• **What is needed**
Restate all of the entries exactly. Any picture in them should be skipped.

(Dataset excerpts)
========

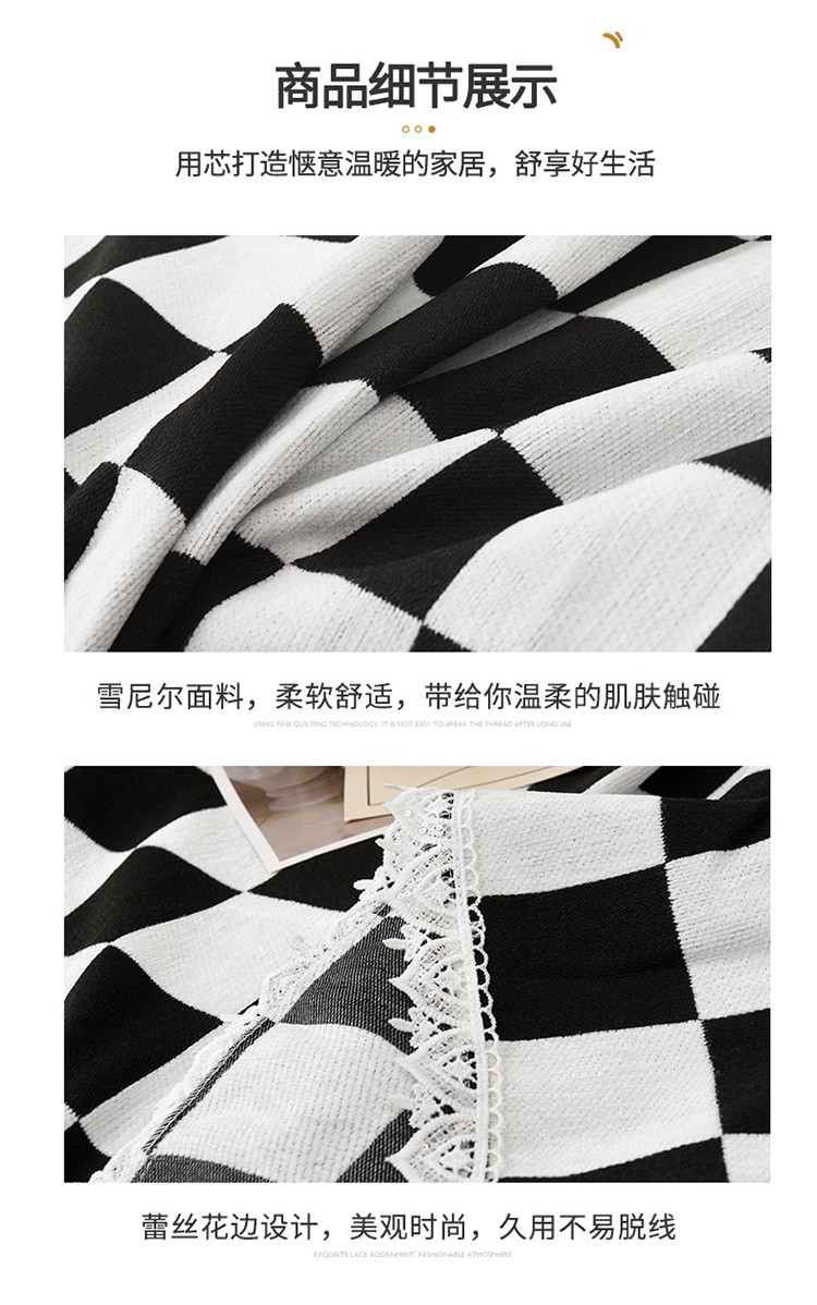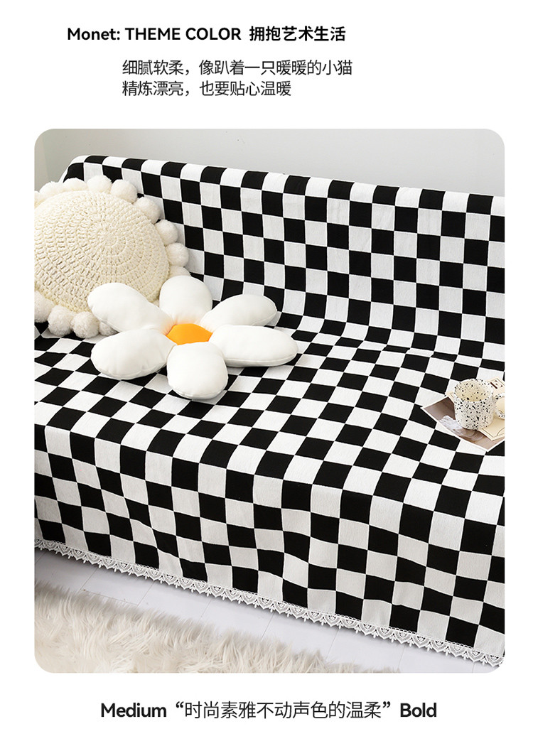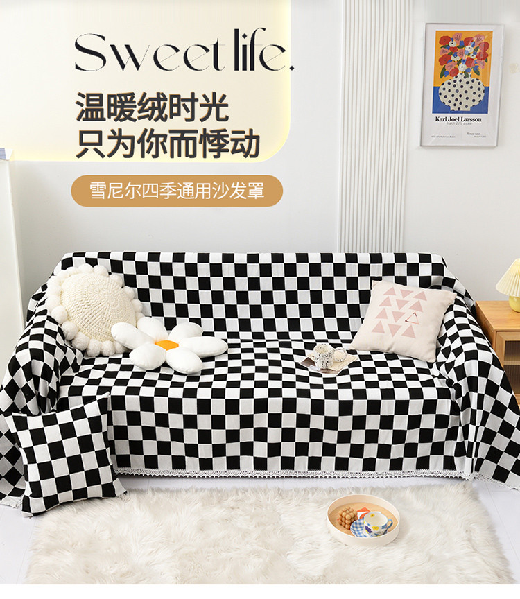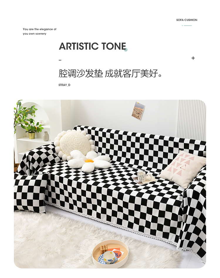 当前位置: 91家纺网 > 商品网购 > 居家布艺 > 坐垫/椅垫/沙发垫 > 沙发 > 启博雪尼尔四季通用沙发罩雪尼尔沙发盖布沙发套沙发垫-金典花边款 黑白格
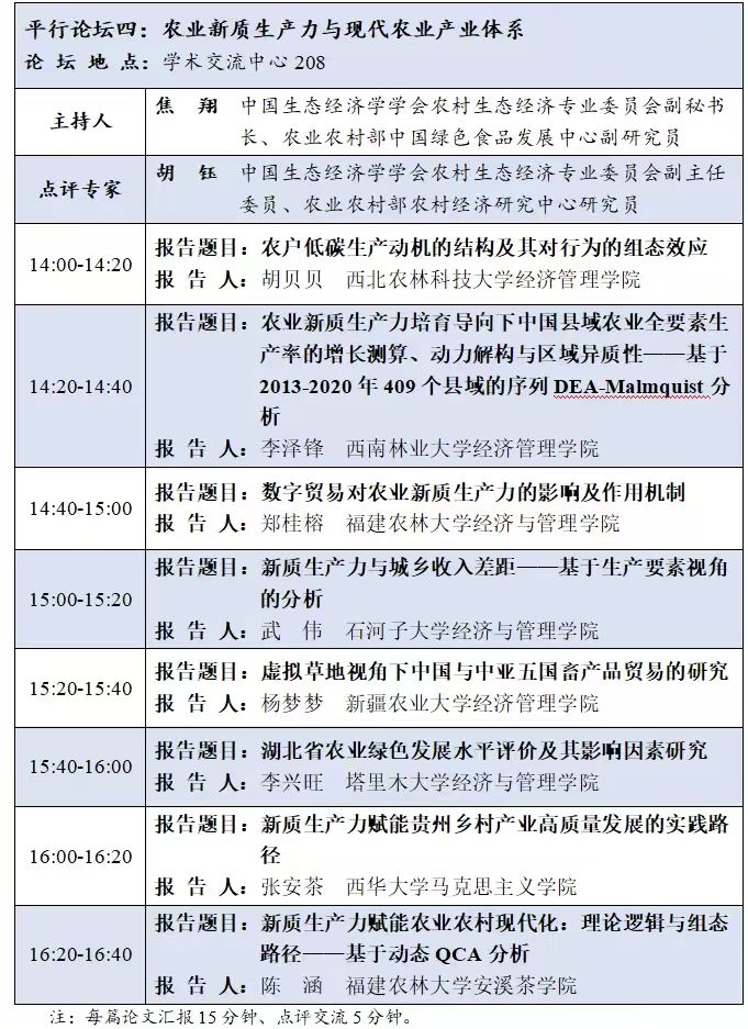18日上午,是开幕式和主旨报告环节,开幕式由福建农林大学乡村振兴学院副院长范胜龙主持,先后由福建农林大学党委常委、副校长周顺桂,福建社科院党组成员、副院长何建津及中国生态经济学学会理事长、中国社会科学院农村 发展研究所党委书记、副所长杜志雄致辞。主旨报告由中国生态经济学学会副理事长、农村生态经济专业委员会主任委员、中国社会科学院农村发展研究所研究员包晓斌主持,随后中国生态经济学学会农村生态经济专业委员会副主任委员张利国就《农业社会化服务与农业新质生产力:效应、机制与空间 溢出》作报告;尹世久就《中国式农业农村现代化及其生态环境意蕴》作报告;胡钰就《新质生产力加速农业绿色转型的理论逻辑与实践路径》作报告;苏时鹏就《生态退化区乡村生态振兴的资源编排与多主体价值共创分析》作报告,为与会者带来了一场高水平的学术盛宴。
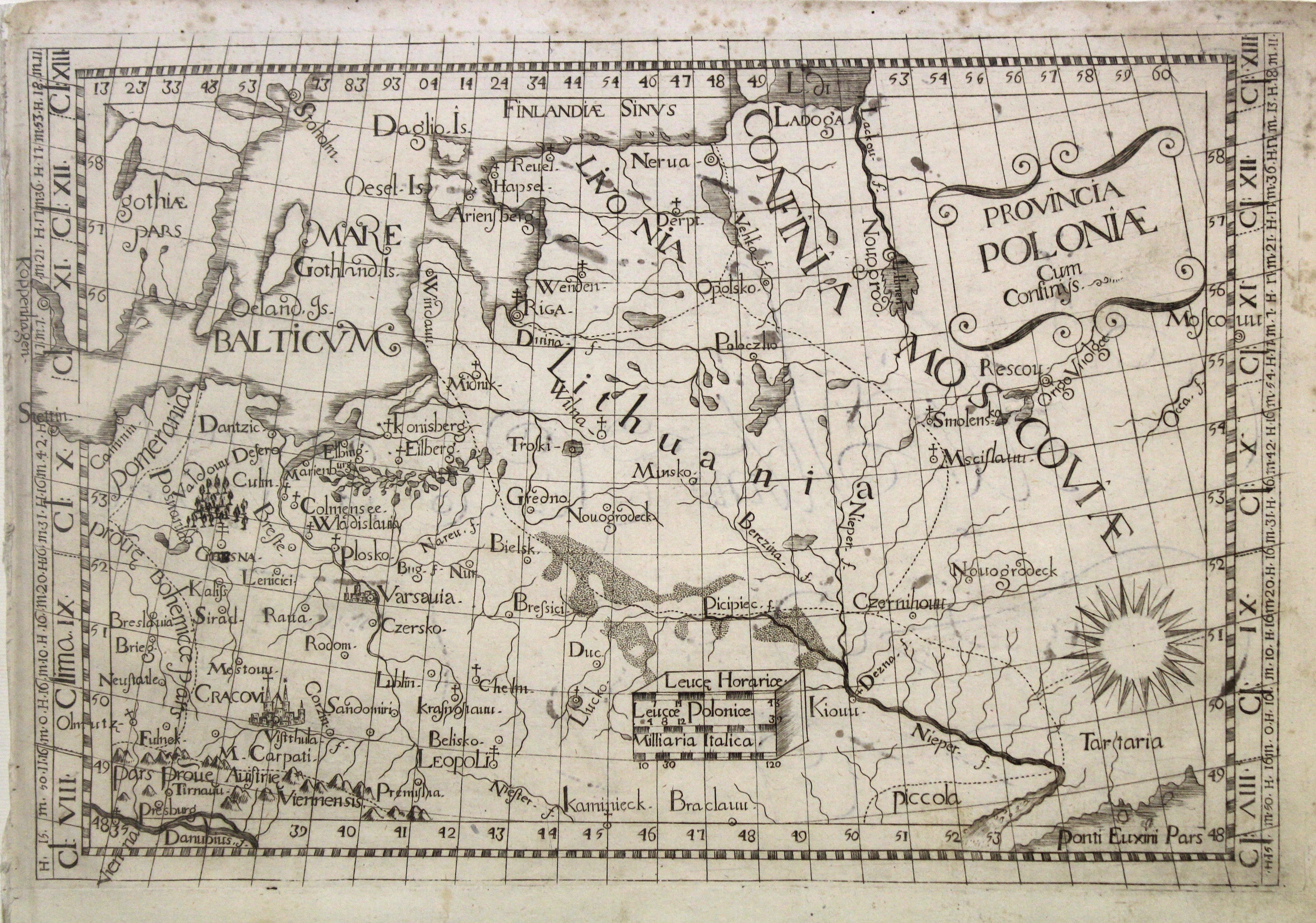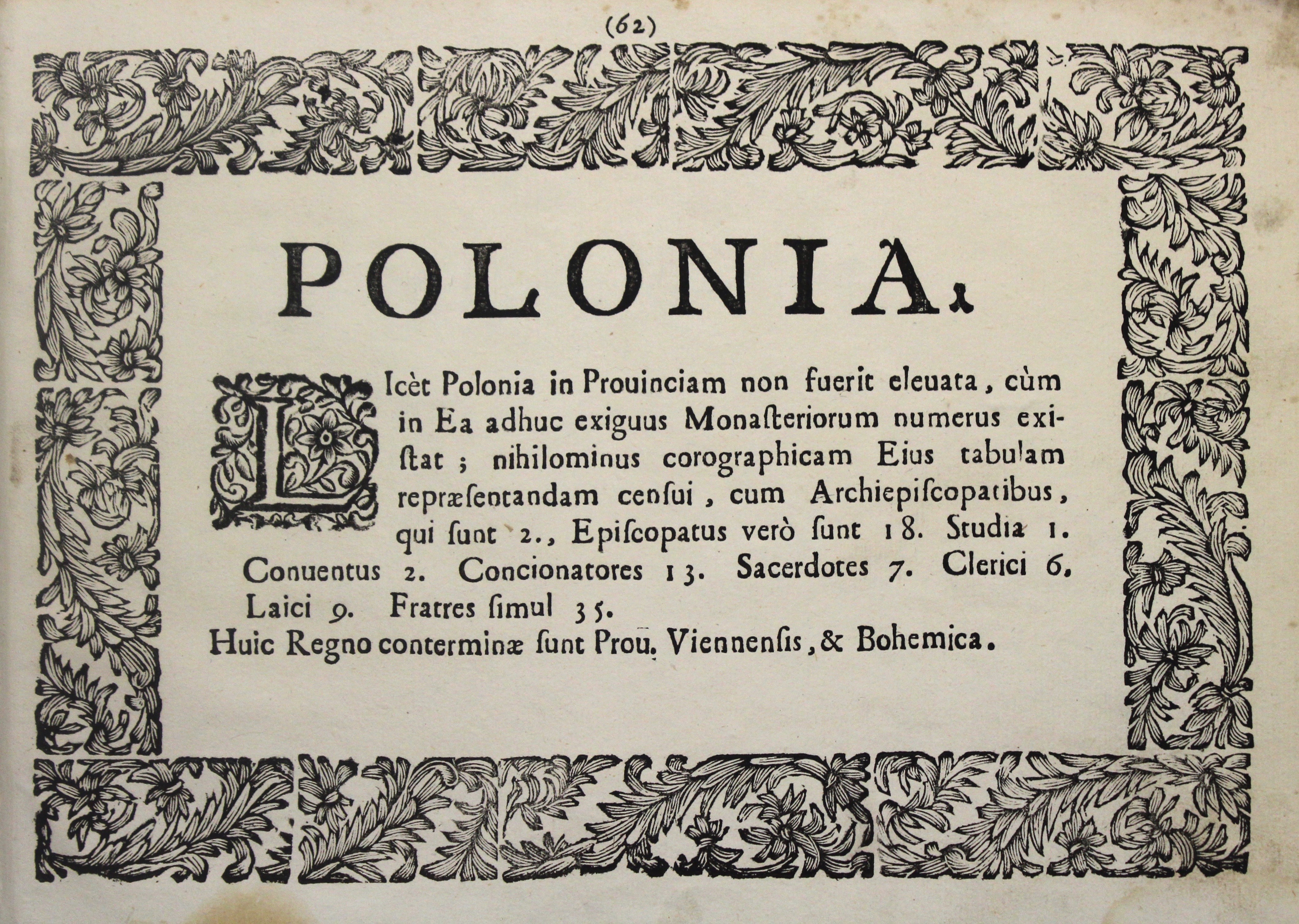Scarce finely engraved map of Poland, showing the Capuchin monasteries around the country, published in “Chorographica descriptio Provinciarum et Conventum minorum S. Francisci Capucinorum” first published in 1643 in Turin by Jahannes a Montecalerio and republished and updated by Giovanni Battista da Cassino. Mm 220x330
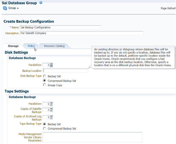In the Disk Settings section of the Device tab, select a Parallelism of 1 (the default) and the Disk Backup Type Compressed Backup Set. Selecting a larger parallelism will increase the number of concurrent RMAN streams to the disk backup location; use this feature with care, since it depends on how much the disk can handle. Using such a setting will increase the speed of the backup, but this will also depend on the disk subsystem structure.
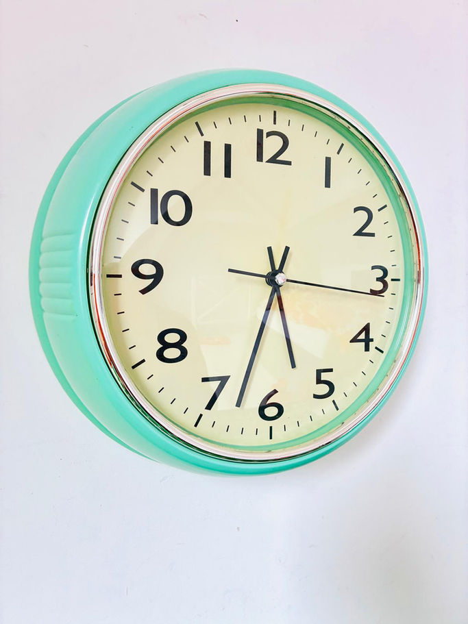 Très belle horloge rétro en plastique mint, turquoise clair.
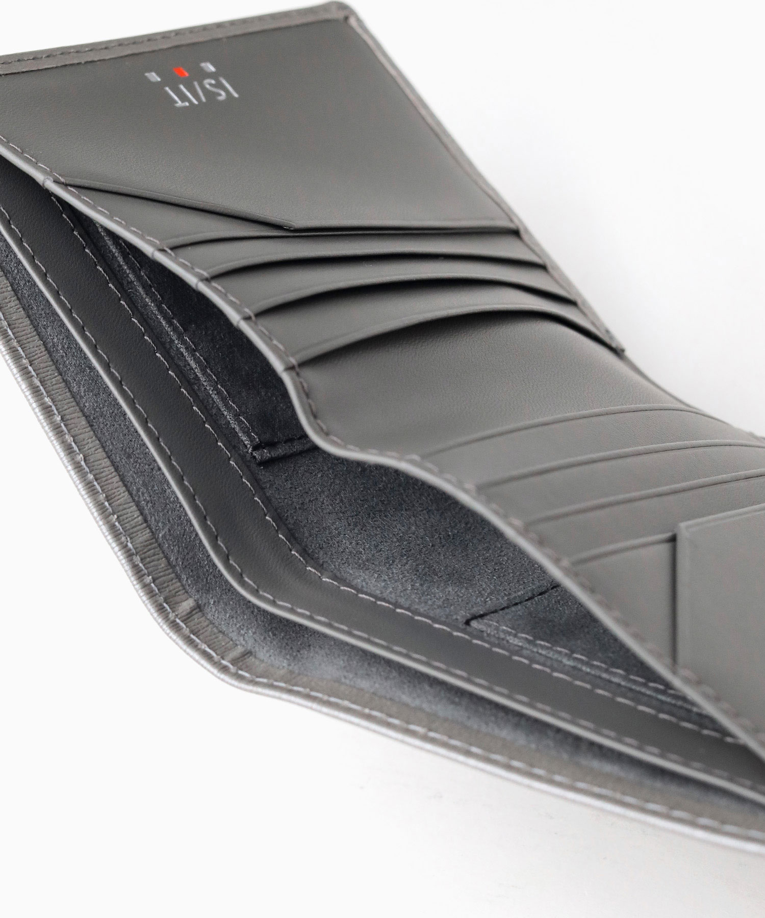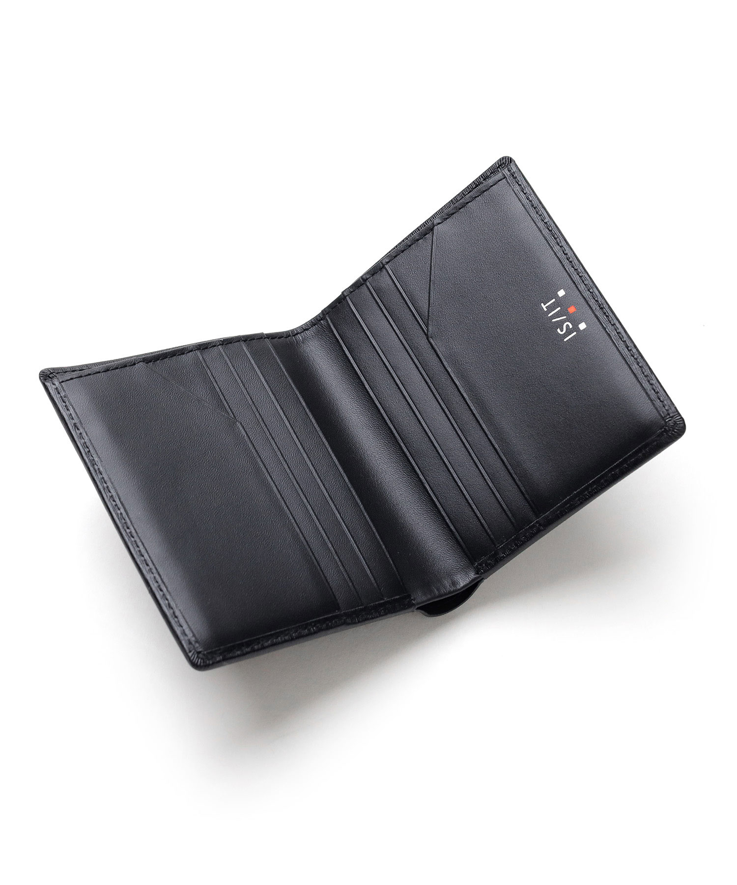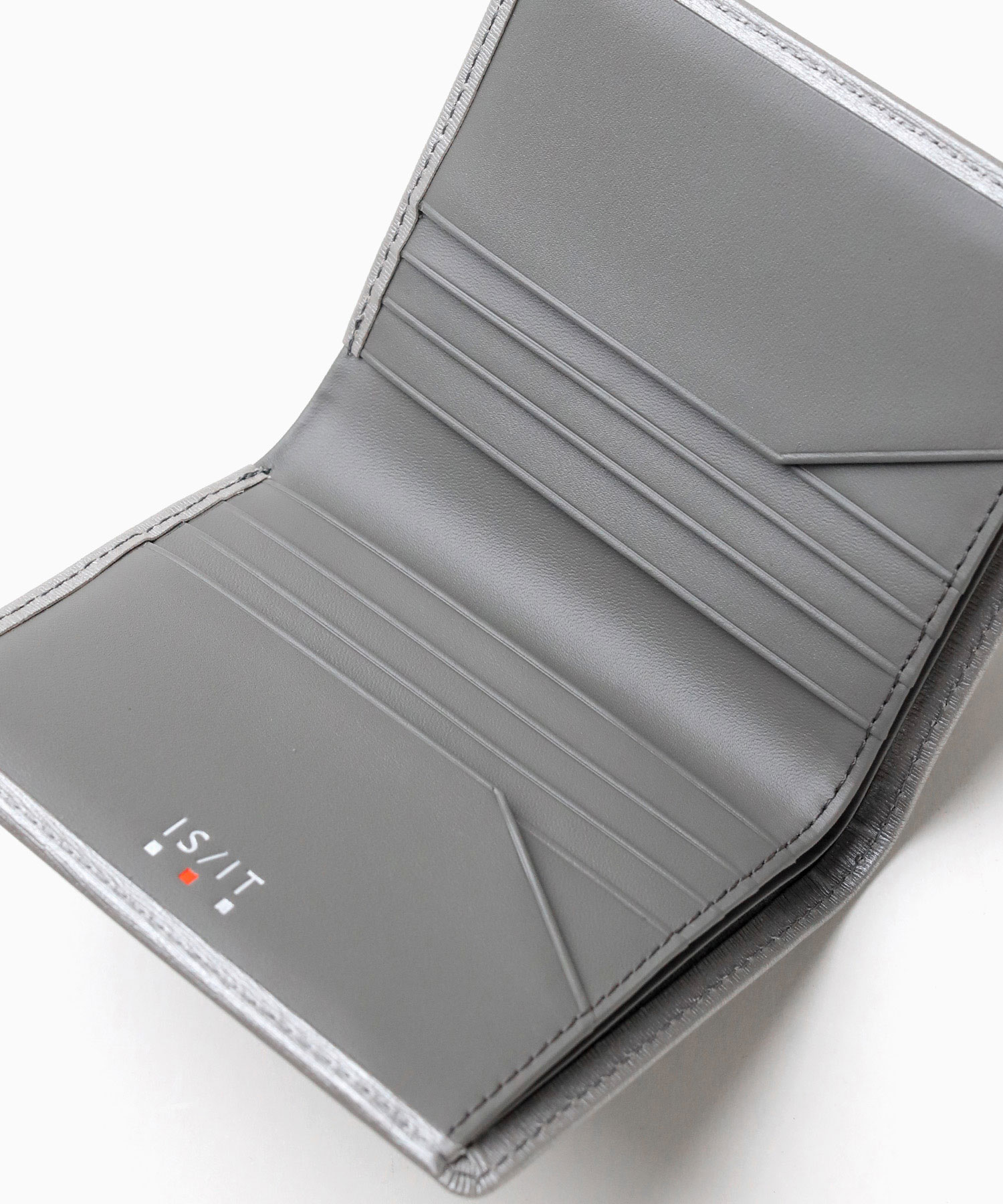 上品なエンボスレザーを使用した、IS/ITのシンプルベーシックな純札タイプの二つ折り財布。落ち着いた雰囲気とシンプルで汎用性の高いルックスがポイントとなっています。外装・内装をトーン・トーン配色で仕上げており、落ち着いた大人の雰囲気を演出します。

========

• **Answer to this exercise**
 当前位置: 91家纺网 > 商品网购 > 居家布艺 > 坐垫/椅垫/沙发垫 > 沙发 > 启博雪尼尔四季通用沙发罩雪尼尔沙发盖布沙发套沙发垫-金典花边款 黑白格
18日上午,是开幕式和主旨报告环节,开幕式由福建农林大学乡村振兴学院副院长范胜龙主持,先后由福建农林大学党委常委、副校长周顺桂,福建社科院党组成员、副院长何建津及中国生态经济学学会理事长、中国社会科学院农村 发展研究所党委书记、副所长杜志雄致辞。主旨报告由中国生态经济学学会副理事长、农村生态经济专业委员会主任委员、中国社会科学院农村发展研究所研究员包晓斌主持,随后中国生态经济学学会农村生态经济专业委员会副主任委员张利国就《农业社会化服务与农业新质生产力:效应、机制与空间 溢出》作报告;尹世久就《中国式农业农村现代化及其生态环境意蕴》作报告;胡钰就《新质生产力加速农业绿色转型的理论逻辑与实践路径》作报告;苏时鹏就《生态退化区乡村生态振兴的资源编排与多主体价值共创分析》作报告,为与会者带来了一场高水平的学术盛宴。
Scarce finely engraved map of Poland, showing the Capuchin monasteries around the country, published in “Chorographica descriptio Provinciarum et Conventum minorum S. Francisci Capucinorum” first published in 1643 in Turin by Jahannes a Montecalerio and republished and updated by Giovanni Battista da Cassino. Mm 220x330
In the Disk Settings section of the Device tab, select a Parallelism of 1 (the default) and the Disk Backup Type Compressed Backup Set. Selecting a larger parallelism will increase the number of concurrent RMAN streams to the disk backup location; use this feature with care, since it depends on how much the disk can handle. Using such a setting will increase the speed of the backup, but this will also depend on the disk subsystem structure.
 Très belle horloge rétro en plastique mint, turquoise clair.
 上品なエンボスレザーを使用した、IS/ITのシンプルベーシックな純札タイプの二つ折り財布。落ち着いた雰囲気とシンプルで汎用性の高いルックスがポイントとなっています。外装・内装をトーン・トーン配色で仕上げており、落ち着いた大人の雰囲気を演出します。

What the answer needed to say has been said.